Middleware for Step Functions: Automatically Store and Load Payloads from Amazon S3

This becomes even more cumbersome when you only want to save part of the payload to S3 and leave the rest as is. For example, when working with Step Functions, the payload could contain control flow data for states like Choice or Map, which has to be accessed directly. This means the first Lambda saves a partial payload to S3, and the next Lambda has to load the partial payload from S3 and merge it with the rest of the payload. This requires ensuring that the types are consistent across multiple functions, which is, of course, very error-prone.

How it works

middy-store is a middleware for Middy. It's attached to a Lambda function and is called twice during a Lambda invocation: before and after the Lambda handler() runs. It receives the input before the handler runs and receives the output from the handler after it has finished.

Middleware for Step Functions: Automatically Store and Load Payloads from Amazon S3

Let's start at the end with the output after a successful invocation to make it easier to follow: middy-store receives the output (the payload) from the handler() function and checks the size. To calculate the size, it stringifies the payload, if it is an object, and uses Buffer.byteLength() to calculate the UTF-8 encoded string size. If the size is larger than a certain configurable threshold, the payload is stored in a Store like Amazon S3. The reference to the stored payload (e.g., an S3 URL or ARN) is then returned as the output instead of the original output.

Now let's look at the next Lambda function (e.g. in a state machine), which will receive this output as its input. This time we are looking at the input before the handler() is invoked: middy-store receives the input to the handler and searches for a reference to a stored payload. If it finds one, the payload is loaded from the Store and returned as the input to the handler. The handler uses the payload as if it was passed directly to it.

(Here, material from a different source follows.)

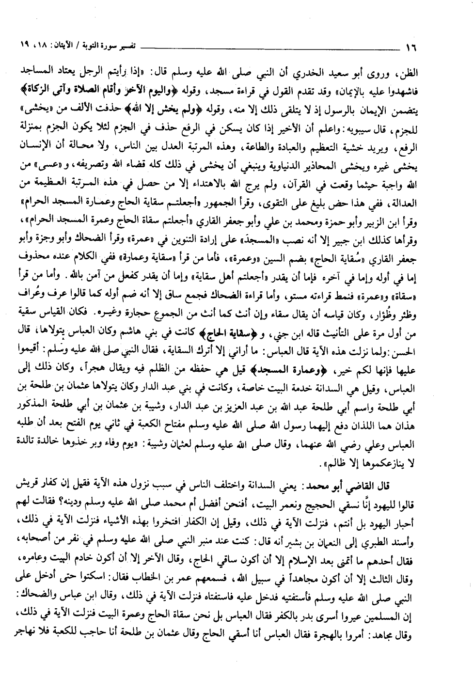الظن، وروى أبو سعيد الخدري أن النبي صلى الله عليه وسلم قال: «إذا رأيتم الرجل يعتاد المساجد فاشهدوا عليه بالإيمان» وقد تقدم القول في قراءة مسجد، وقوله وَالْيَوْمِ الْآخِرِ وَأَقامَ الصَّلاةَ وَآتَى الزَّكاةَ يتضمن الإيمان بالرسول إذ لا يتلقى ذلك إلا منه، وقوله وَلَمْ يَخْشَ إِلَّا اللَّهَ حذفت الألف من «يخشى» للجزم، قال سيبويه: واعلم أن الأخير إذا كان يسكن في الرفع حذف في الجزم لئلا يكون الجزم بمنزلة الرفع، ويريد خشية التعظيم والعبادة والطاعة، وهذه المرتبة العدل بين الناس، ولا محالة أن الإنسان يخشى غيره ويخشى المحاذير الدنياوية وينبغي أن يخشى في ذلك كله قضاء الله وتصريفه، و «عسى» من الله واجبة حيثما وقعت في القرآن، ولم يرج الله بالاهتداء إلا من حصل في هذه المرتبة العظيمة من العدالة، ففي هذا حض بليغ على التقوى، وقرأ الجمهور «أجعلتم سقاية الحاج وعمارة المسجد الحرام» وقرأ ابن الزبير وأبو حمزة ومحمد بن علي وأبو جعفر القاري «أجعلتم سقاة الحاج وعمرة المسجد الحرام» ، وقرأها كذلك ابن جبير إلا أنه نصب «المسجد» على إرادة التنوين في «عمرة» وقرأ الضحاك وأبو وجزة وأبو جعفر القاري «سقاية الحاج» بضم السين «وعمرة» ، فأما من قرأ «سقاية وعمارة» ففي الكلام عنده محذوف إما في أوله وإما في آخره فإما أن يقدر «أجعلتم أهل سقاية» وإما أن يقدر كفعل من آمن بالله. وأما من قرأ «سقاة» و «عمرة» فنمط قراءته مستو، وأما قراءة الضحاك فجمع ساق إلا أنه ضم أوله كما قالوا عرف وعراف وظئر وظؤار، وكان قياسه أن يقال سقاء وإن أنث كما أنث من الجموع حجارة وغيره. فكان القياس سقية من أول مرة على التأنيث قاله ابن جني، وسِقايَةَ الْحاجِّ كانت في بني هاشم وكان العباس يتولاها، سقية من أول مرة على التأنيث قاله ابن جني، وسِقايَةَ الْحاجِّ كانت في بني هاشم وكان العباس يتولاها، قال الحسن: ولما نزلت هذه الآية قال العباس: ما أراني إلا أترك السقاية، فقال النبي صلى الله عليه وسلم: أقيموا عليها فإنها لكم خير، وَعِمارَةَ الْمَسْجِدِ قيل هي حفظه من الظلم فيه ويقال هجرا، وكان ذلك إلى العباس، وقيل هي السدانة خدمة البيت خاصة، وكانت في بني عبد الدار وكان يتولاها عثمان بن طلحة بن أبي طلحة واسم أبي طلحة عبد الله بن عبد العزيز بن عبد الدار، وشيبة بن عثمان بن أبي طلحة المذكور هذان هما اللذان دفع إليهما رسول الله صلى الله عليه وسلم مفتاح الكعبة في ثاني يوم الفتح بعد أن طلبه العباس وعلي رضي الله عنهما، وقال صلى الله عليه وسلم لعثمان وشيبة: «يوم وفاء وبر خذوها خالدة تالدة لا ينازعكموها إلا ظالم» .

Here's an example to illustrate how middy-store works:

/* ./src/functions/handler1.ts */
export const handler1 = middy()
  .use(
    middyStore({
      stores: [new S3Store({ /* S3 options */ })],
    })
  )
  .handler(async (input) => {
    // Return 1MB of random data as a base64 encoded string as output 
    return randomBytes(1024 * 1024).toString('base64');
  });

/* ./src/functions/handler2.ts */
export const handler2 = middy()
  .use(
    middyStore({
      stores: [new S3Store({ /* S3 options */ })],
    })
  )
  .handler(async (input) => {
    // Print the size of the input
    return console.log(`Size: ${Buffer.from(input, "base64").byteLength / 1024 / 1024} MB`);
  });

/* ./src/workflow.ts */
// First Lambda returns a large output
// It automatically uploads the data to S3 
const output1 = await handler1({});

// Output is a reference to the S3 object: { "@middy-store": "s3://bucket/key"}
console.log(output1); 

// Second Lambda receives the output as input
// It automatically downloads the data from S3
const output2 = await handler2(output1);

What's a Store?

In general, a Store is any service that allows you to store and load arbitrary payloads, like Amazon S3 or other persistent storage systems. Databases like DynamoDB can also act as a Store. The Store receives a payload from the Lambda handler, serializes it (if it's an object), and stores it in persistent storage. When the next Lambda handler needs the payload, the Store loads the payload from the storage, deserializes and returns it.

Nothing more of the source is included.